The Leftovers · Series Premise

The Sudden Departure

The unexplained simultaneous disappearance, on October 14, 2011, of approximately 140 million people from every country on Earth. The event is never explained by the show. Among those who vanish, in the pilot's first scene, are most of the cast of Perfect Strangers. Among those who do not, in the same scene, is Nora Durst's husband Doug. Three days later, her children Erin and Jeremy will disappear from the kitchen table while she pours herself a glass of water with her back turned.

Disappeared

2% · ~140,000,000

Explanation Offered

None · ever

The show is not, in the end, about the event. It is about the people the event left in place. Kevin Garvey, the police chief of Mapleton, New York, who keeps drowning and surviving. The Guilty Remnant, who wear white and smoke cigarettes and refuse to let anyone forget. Matt Jamison, the priest whose faith outlives every reason for it. And Nora Durst, who lost more in a single afternoon than any person on the show, and who spends three seasons looking for a door she can open and a person she can blame.

The machine

In the third season, Nora and Kevin travel to Melbourne, Australia, in the days before the seventh anniversary of the Departure, which the world's various doomsday cults believe will be the trigger for a second event. There, Nora is introduced to a pair of physicists who have built a device they will not let her look at without first signing a sheaf of waivers and undressing completely. The premise of the device, they tell her, is grief made into a hypothesis: if two percent of the people of this world were extracted and placed somewhere, then somewhere, also, two percent of the people of that world were extracted and placed here. The machine, they claim, is a way of going to the other side. It looks like a bathtub inside a sarcophagus. It floods with radioactive water. It has, the physicists admit, only ever been used once before, and they have no proof the previous subject ever arrived.

Nora climbs in. The audience sees the lid close. The show then cuts to many, many years later, to an older Nora in rural Australia, raising doves on a farm, telling people her name is Sarah. Whether the machine was switched on, whether she went through, and whether she came back are questions the show, very deliberately, does not answer with footage. The only account we are given is the one Nora gives Kevin, in a kitchen, in the final fifteen minutes of the series.

Nora's account

The story she tells him, in long unbroken takes that earned Carrie Coon every award she was ever nominated for, is this. The machine worked. She crossed over. She arrived in the world the Departed had gone to, which was a mirror of her own, except inverted: ninety-eight percent of the population was gone there, and the world she had been living in was, from that side, the world of the Departed. She found her way to her old house in Mapleton. Her husband was there. The children were there. They had grown. Doug had remarried. The children had a stepmother. They had, of course, mourned her. They had moved on. She watched them through a window. She did not go inside. She found a physicist in that other world, the inverse of the one in Melbourne, and persuaded him to build her a return ticket. She came back to look for Kevin.
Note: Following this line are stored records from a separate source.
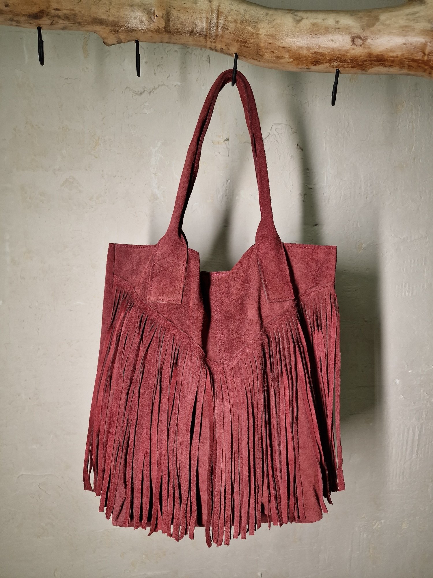 Τσάντα μεγάλη με λεπτομέρειες από κρόσσια και σταθερά λουράκια. Κλείνει με κουμπάκια.
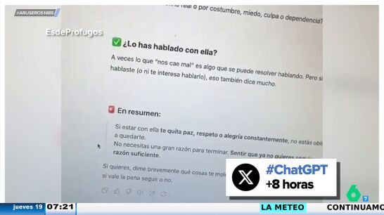 Y es que esta pobre chica ha descubierto gracias a ChatGPT que a su novio le cae mal y que, además, quiere dejarla. Al parecer, el chico hablaba con la inteligencia artificial con la confianza y cercanía que se le tiene a un amigo real y llegó a pedirle consejo para acabar con su relación.
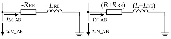As can be seen in Formula (13), when the ground fault occurs in the positive direction of the directional element, the fault model of the zero-mode current and zero-mode voltage measured at the protection installation satisfies the series model of negative resistance and negative inductance; when the ground fault occurs in the opposite direction of the directional element, the zero-mode current and zero-mode voltage measured at the protection installation satisfy the positive resistance and positive inductance model, as shown in Figure 7.
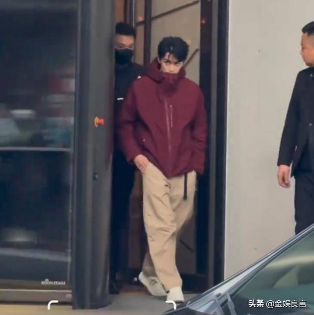 更绝的是他走路的姿势,只见吴磊把脸埋在领子里,低着头,走路有点外八字。
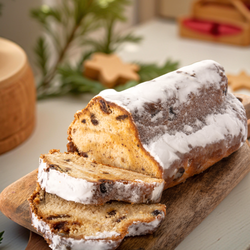 Это простой с виду кекс продолговатой формы с ароматной начинкой из изюма, мака, цукатов, орехов или марципана. Сверху выпечка покрыта обильным слоем сахарной пудры, выглядит эффектно и в то же время сдержанно.
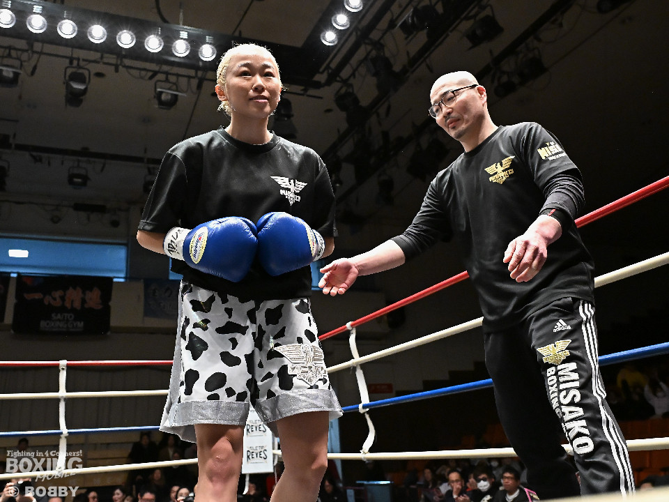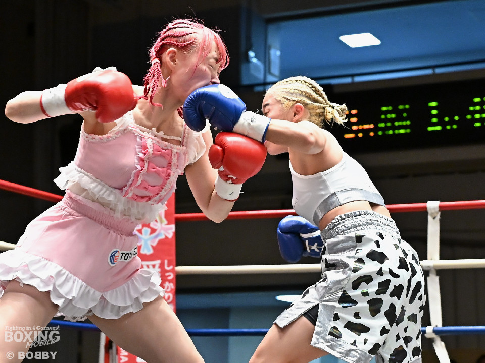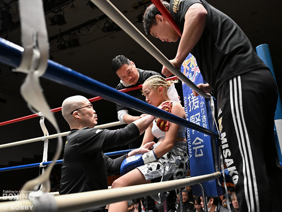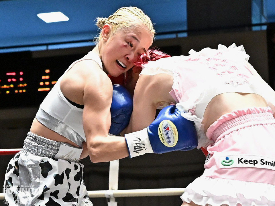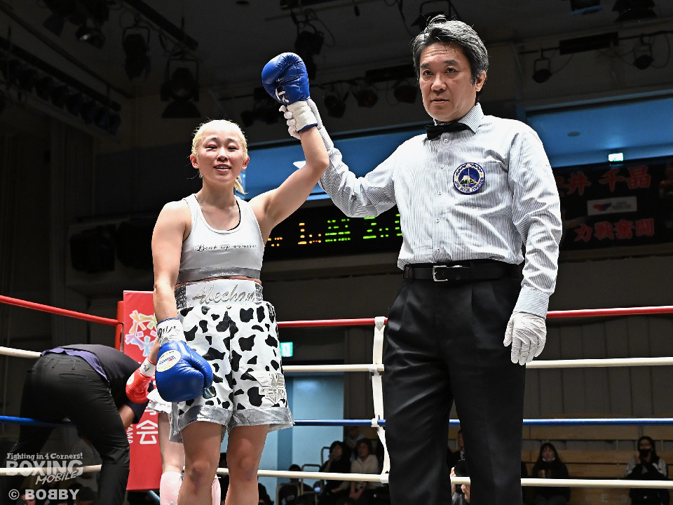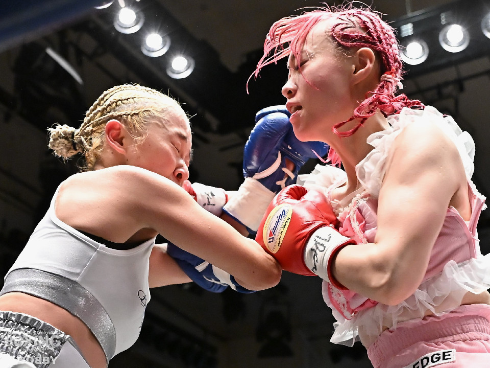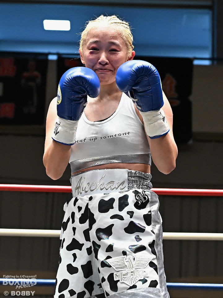 試合:阿部が重心を落としてグイっと前に出ると右フックを好打。2回、阿部は前後の動きを意識しながら左フックで顔を弾きリズム感のある攻撃を披露。3回、後手に回ったタカナはワンツーを繰り出すが、阿部はサイドに回り込んで的を絞らせず。4回、阿部は右フックで膝を揺らすとボディにパンチを集めて攻勢を印象付けた。念願の初勝利を挙げた阿部はフッと息を吐き喜びを噛み締めた。
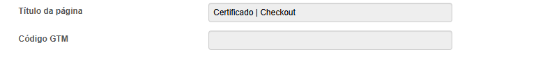 Criado os campos título da página e o código do GTM para trakeamento do chekout nos eventos de compra de certificado.
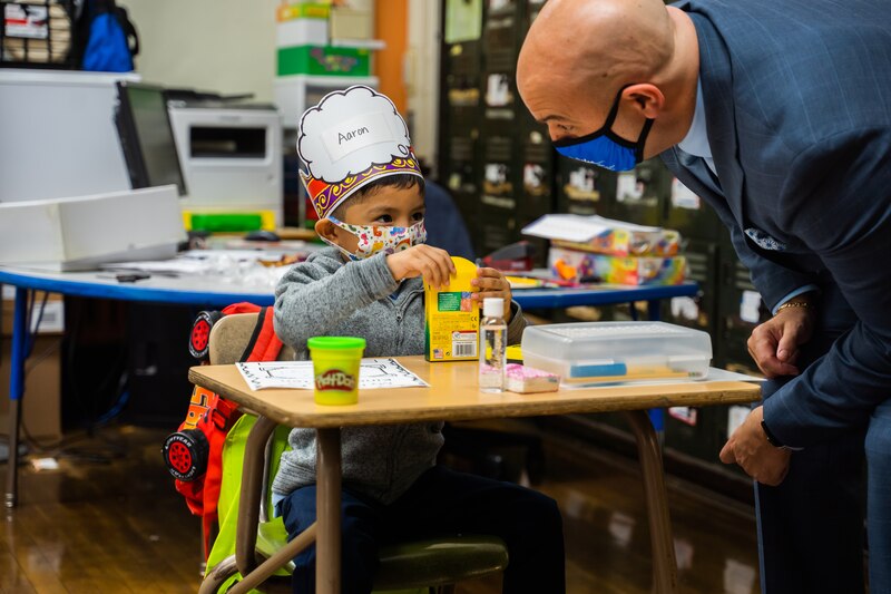 Detroit Superintendent Nikolai Vitti traveled to multiple buildings Tuesday, arriving at Harms shortly after 9 a.m. Vitti walked through the building and visited classrooms, weaving around the tiny desks and greeting some of the students with elbow bumps. One student dropped her drink on the floor, and Vitti helped clean up the spill.
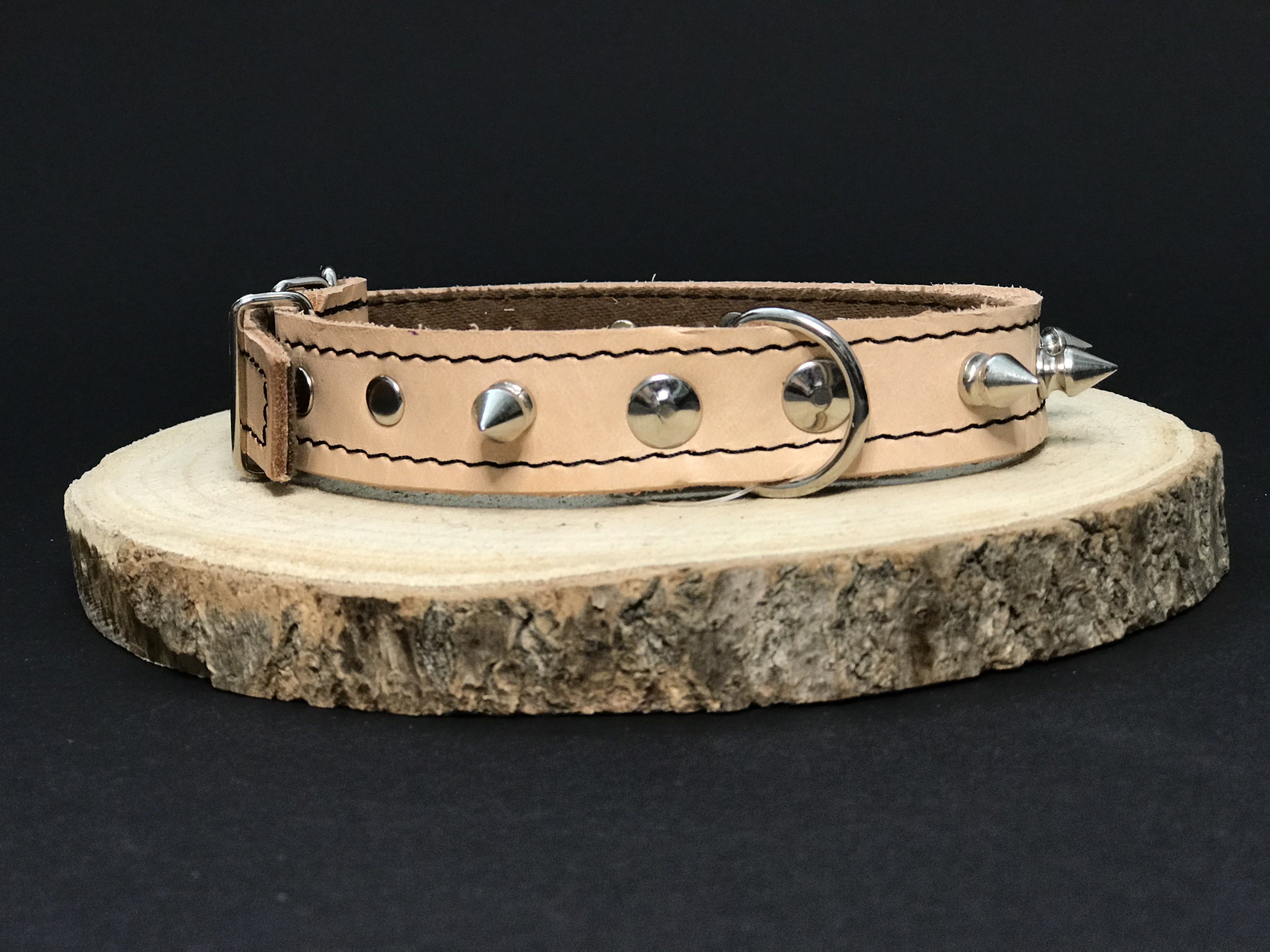 Palkar obojok z kože hladenice pre psov zdobený hrotmi 40 cm x 18 mm prírodnýSkladom > 5 ks19,90 €/ ks16,45 € bez DPH

"I knew that if I told you what happened, you would never believe me."
"I believe you." Nora and Kevin, "The Book of Nora", Season 3, Episode 8

The line is the show's final word. It is also the show's last and biggest trapdoor. Kevin's belief in Nora is the same shape as the belief the show has spent three seasons interrogating: total, undefended, and given without proof to a person who has earned it for reasons that have nothing to do with evidence.

The two rooms, and why the staging matters

It is worth pausing on the construction of this sequence, because the show is doing something specific. Across three seasons, Nora has been the show's resident skeptic. In Guest (1.06), she exposes a New York grief-services racket whose practitioners she considers fraudulent. In Don't Be Ridiculous (3.02), she tells a researcher offering her the machine that he is a con artist. Her job for the Department of Sudden Departure, all the way back in Season 1, is to interview the bereaved and certify whether their stories add up. She has built her life around the assumption that other people's miracle accounts are wrong.

Then, in the finale, she gives a miracle account of her own. The show frames it in two adjacent rooms: the bedroom, where she is dressed for a wedding she has been working on (the doves), and the kitchen, where she tells Kevin the story. There is no flashback. There is no cut to the inverse world. There is only Nora's face, Kevin's face, and the kitchen light.

Room One · Melbourne, Year Zero

The machine

A radioactive immersion device built by physicists who freely admit it has only ever been used once before. Nora climbs in. The lid closes. The show cuts.

Room Two · Rural Australia, Many Years Later

The kitchen

Nora, alone, tells the story of what happened in the years between the lid closing and the present moment. No corroborating footage. No physical evidence. Just a monologue.

The show offers no third room. The audience is given the same evidence Kevin is given. Whether Nora went through, or whether Nora got out of the machine the moment the lid sealed and ran, is a question whose only available answer is the one she gives.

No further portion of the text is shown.